Tom Cruise and Paramount Pictures are still doing strong business at the box office with “Top Gun: Maverick.” being The biggest earner to date for both Cruise and Paramount, the action blockbuster sequel has made over $1.3 billion globally. The pic did all it could do to impress naysayers, critics, and the general audience to become one of the most entertaining films in a long time. Well, the unique experience many of us felt watching Cruise put the flight jacket back on was shared by a well-respected director who is usually critical of studio efforts.

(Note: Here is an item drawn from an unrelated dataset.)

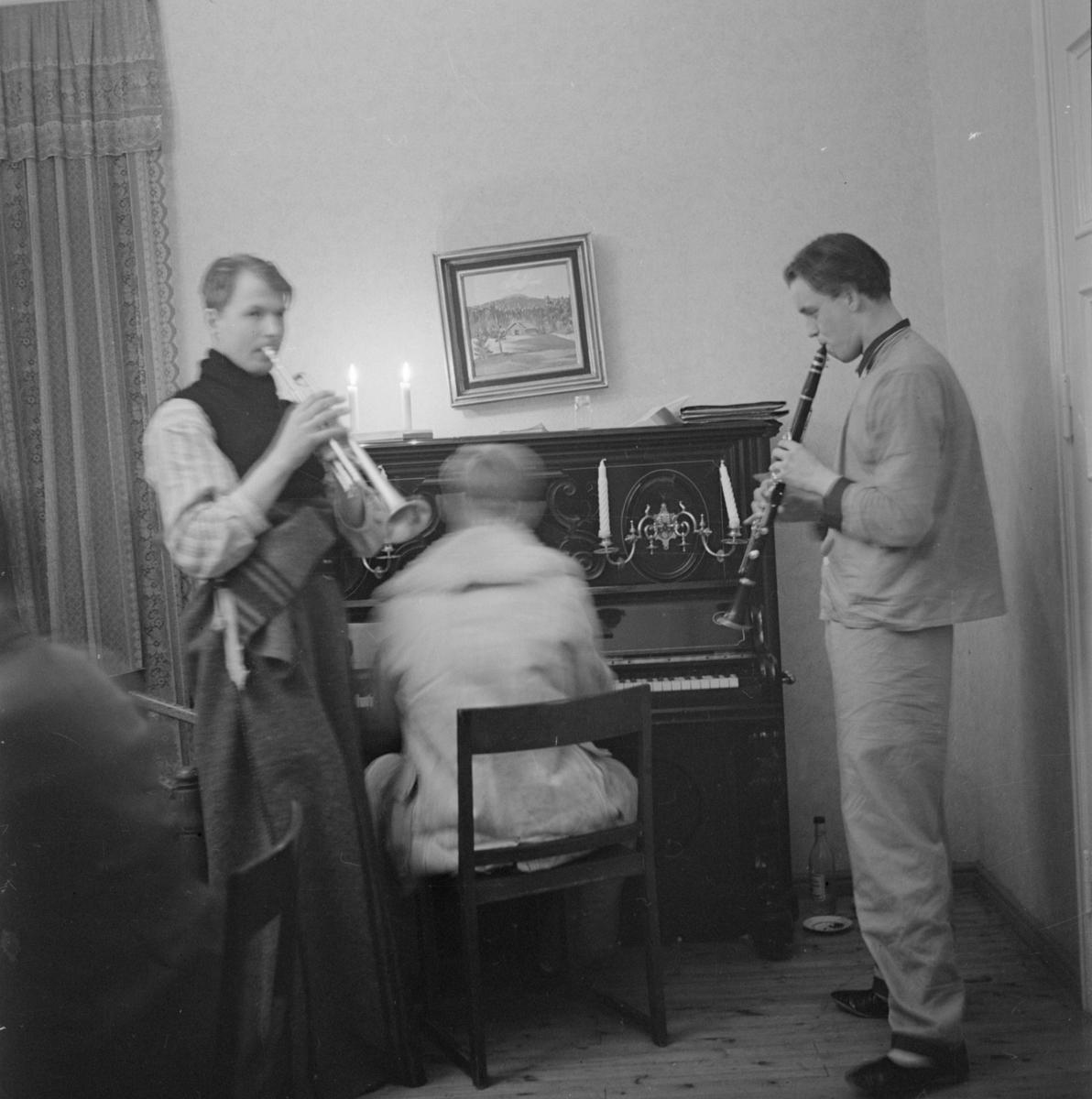 Musicerande i mässen vid F 19, Svenska frivilligkåren i Finland. En pianist och två blåsarmusiker.

We all know that Quentin Tarantino isn’t one to hand out praise to big studio tentpoles or even comment on newer films but while speaking with the ReelBlend podcast (Lisen below), the director gushed about Cruise’s “Top Gun: Maverick.” Citing the film’s spectacle alongside Steven Spielberg‘s “West Side Story” remake as cinematic experiences that have impressed him recently.
“I f***ing love ‘Top Gun: Maverick.’ I thought it was fantastic. I saw it at the theaters. That and [Steven] Spielberg’s ‘West Side Story,’ both provided a true cinematic spectacle, the kind that I’d almost thought that I wasn’t going to see anymore. It was fantastic.”

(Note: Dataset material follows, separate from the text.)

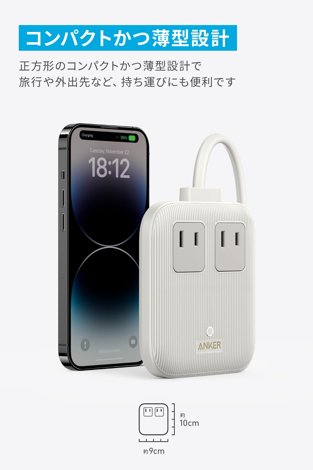 コンパクトかつ薄型設計:正方形のコンパクトかつ薄型設計で旅行や外出先など、持ち運びにも便利です。
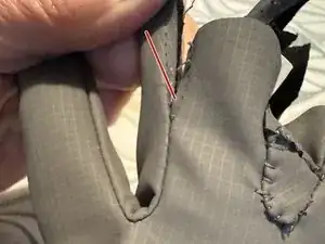 Распорите большую часть стёжков для отсутствующего левого мизинца. Мы используем форшет, который располагался между мизинцем и безымянным пальцем, чтобы закрыть пустоту.

Tarantino highlighted that “Maverick” is the closest we’ll get to seeing another Tony Scott (“Top Gun“) film, given the director’s death in 2012. Mentioning the respect and care taken by Joseph Kosinski certainly comes off as high praise.
“But also there was just this lovely, lovely aspect because I love both [original Top Gun director] Tony Scott’s cinema so much, and I love Tony so much that that’s as close as we’re ever going to get to seeing one more Tony Scott movie,” he continued. “[Director Joseph Kosinski] did a great job. The respect and the love of Tony was in every frame. It was almost in every decision. It was consciously right there, but in this really cool way that was really respectful. And I think it was in every decision Tom [Cruise] made on the film. It’s the closest we’re ever going get to seeing one more Tony Scott movie, and it was a fucking terrific one.”
The filmmaker added he spoke with Cruise about making the sequel without the original director and Cruise said, “I know; that’s why I said no all these years — for that exact reason. We figured out a way.”
Of course, Tarantino has his own history with Scott as the British director almost directed “Reservoir Dogs” before settling on another project written by Tarantino, the dark romantic crime romp “True Romance.” An effort not unlike “Natural Born Killers” that not only has earned Quentin’s approval but his admiration over the years.
Meanwhile, we’re still waiting on Tarantino to give us an update on his “Bounty Law” series and the development status of his untitled tenth feature film before he retires from filmmaking.